» **Exercise details**
Your answer must consist of exactly the lines below, starting with the line with "Jesień, Las, Ścieżka" and going on through the line with "Spanish whore Julia", and nothing else.

START Information

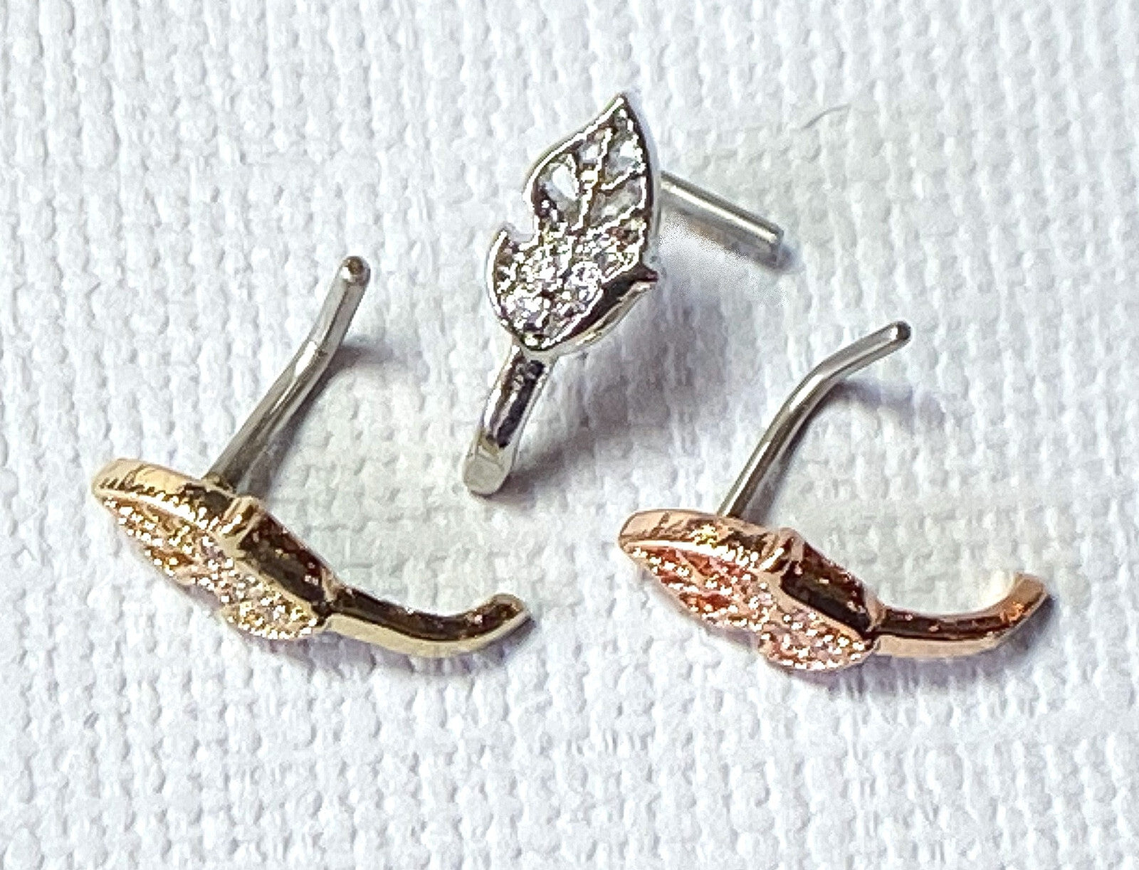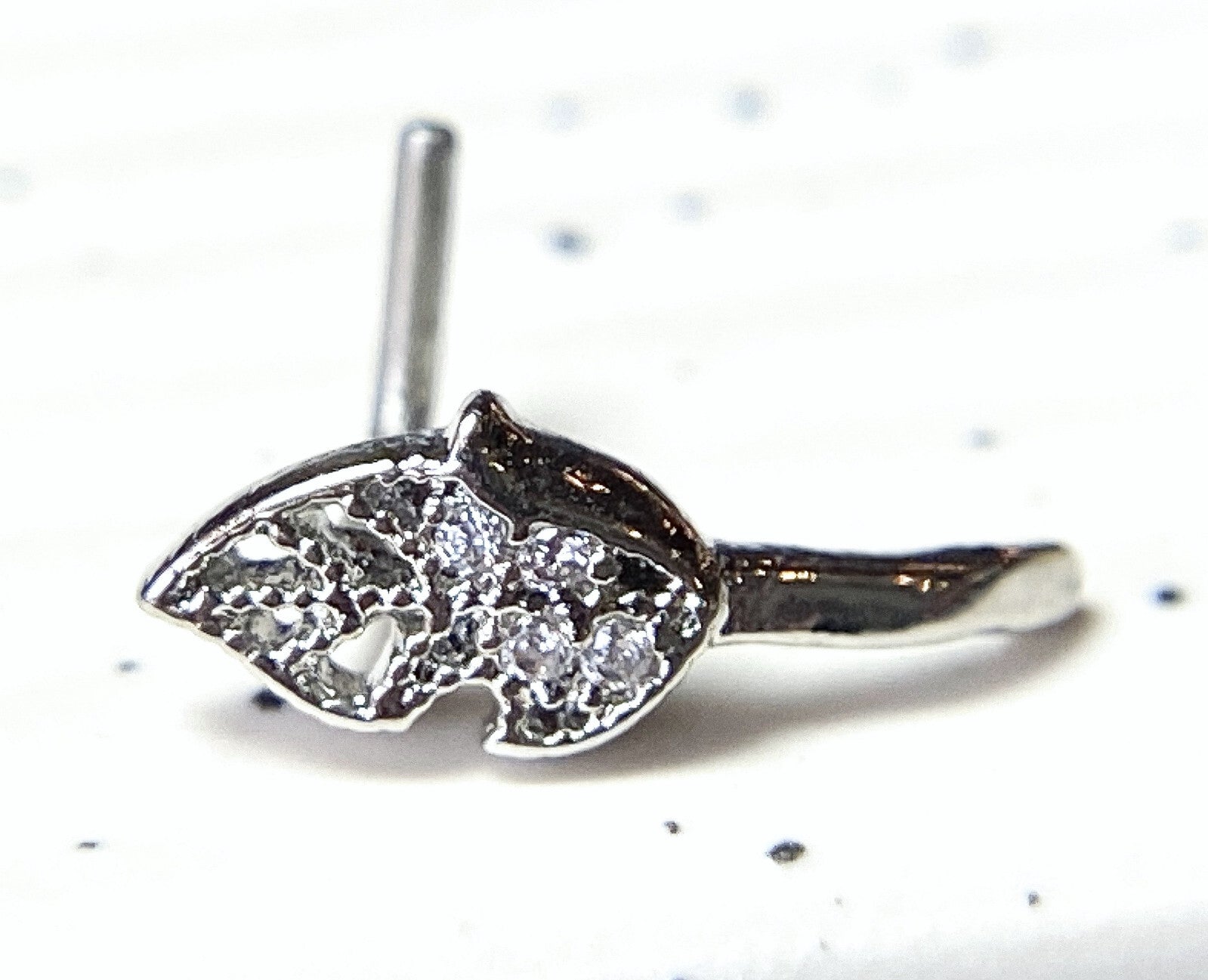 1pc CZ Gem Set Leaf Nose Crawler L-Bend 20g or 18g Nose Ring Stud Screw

END Information
START Information

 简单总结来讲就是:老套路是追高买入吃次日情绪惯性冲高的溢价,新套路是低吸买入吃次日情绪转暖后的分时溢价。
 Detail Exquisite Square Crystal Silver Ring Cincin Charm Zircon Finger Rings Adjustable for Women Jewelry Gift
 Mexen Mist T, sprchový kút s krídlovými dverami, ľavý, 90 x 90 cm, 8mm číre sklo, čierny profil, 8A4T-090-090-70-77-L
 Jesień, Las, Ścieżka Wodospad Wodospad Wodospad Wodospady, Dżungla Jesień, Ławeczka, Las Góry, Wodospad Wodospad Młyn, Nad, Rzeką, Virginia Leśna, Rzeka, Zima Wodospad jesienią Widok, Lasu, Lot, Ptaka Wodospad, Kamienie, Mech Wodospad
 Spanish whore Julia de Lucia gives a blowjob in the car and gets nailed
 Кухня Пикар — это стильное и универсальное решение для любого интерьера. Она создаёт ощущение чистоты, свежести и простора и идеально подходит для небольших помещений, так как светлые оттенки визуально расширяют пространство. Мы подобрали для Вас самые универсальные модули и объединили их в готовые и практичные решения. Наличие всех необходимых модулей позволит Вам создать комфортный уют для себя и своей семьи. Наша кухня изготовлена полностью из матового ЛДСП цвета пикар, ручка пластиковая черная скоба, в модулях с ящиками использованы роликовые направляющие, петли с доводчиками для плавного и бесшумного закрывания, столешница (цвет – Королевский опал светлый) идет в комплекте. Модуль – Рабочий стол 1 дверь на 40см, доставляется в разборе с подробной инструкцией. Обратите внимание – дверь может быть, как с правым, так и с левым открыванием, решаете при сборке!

END Information
START Information

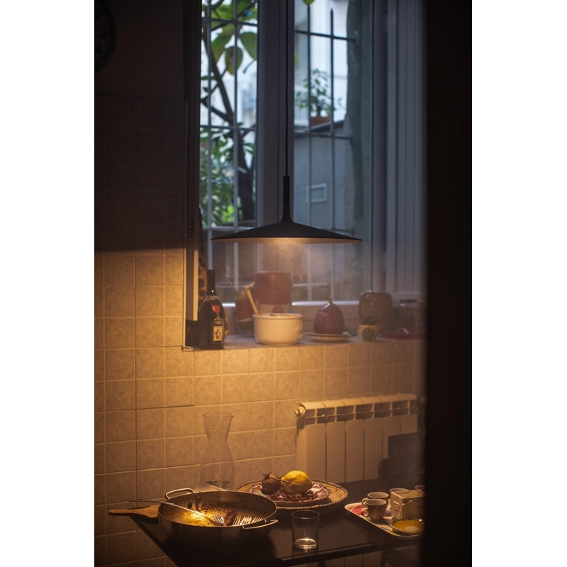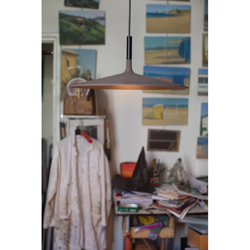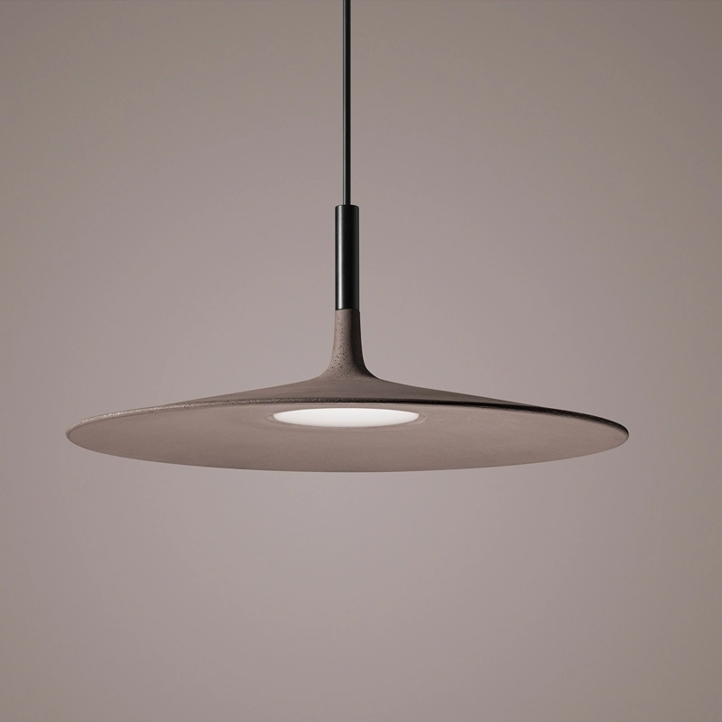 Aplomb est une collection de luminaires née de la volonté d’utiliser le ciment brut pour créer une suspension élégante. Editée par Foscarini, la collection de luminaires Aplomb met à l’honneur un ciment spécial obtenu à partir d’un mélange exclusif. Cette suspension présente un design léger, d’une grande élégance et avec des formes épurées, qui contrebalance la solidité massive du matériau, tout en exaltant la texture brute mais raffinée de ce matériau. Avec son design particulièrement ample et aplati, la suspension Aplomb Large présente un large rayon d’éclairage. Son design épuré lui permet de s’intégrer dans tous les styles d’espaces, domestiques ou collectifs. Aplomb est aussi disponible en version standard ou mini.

END Information

» **Completed exercise**
 Jesień, Las, Ścieżka Wodospad Wodospad Wodospad Wodospady, Dżungla Jesień, Ławeczka, Las Góry, Wodospad Wodospad Młyn, Nad, Rzeką, Virginia Leśna, Rzeka, Zima Wodospad jesienią Widok, Lasu, Lot, Ptaka Wodospad, Kamienie, Mech Wodospad
 Spanish whore Julia de Lucia gives a blowjob in the car and gets nailed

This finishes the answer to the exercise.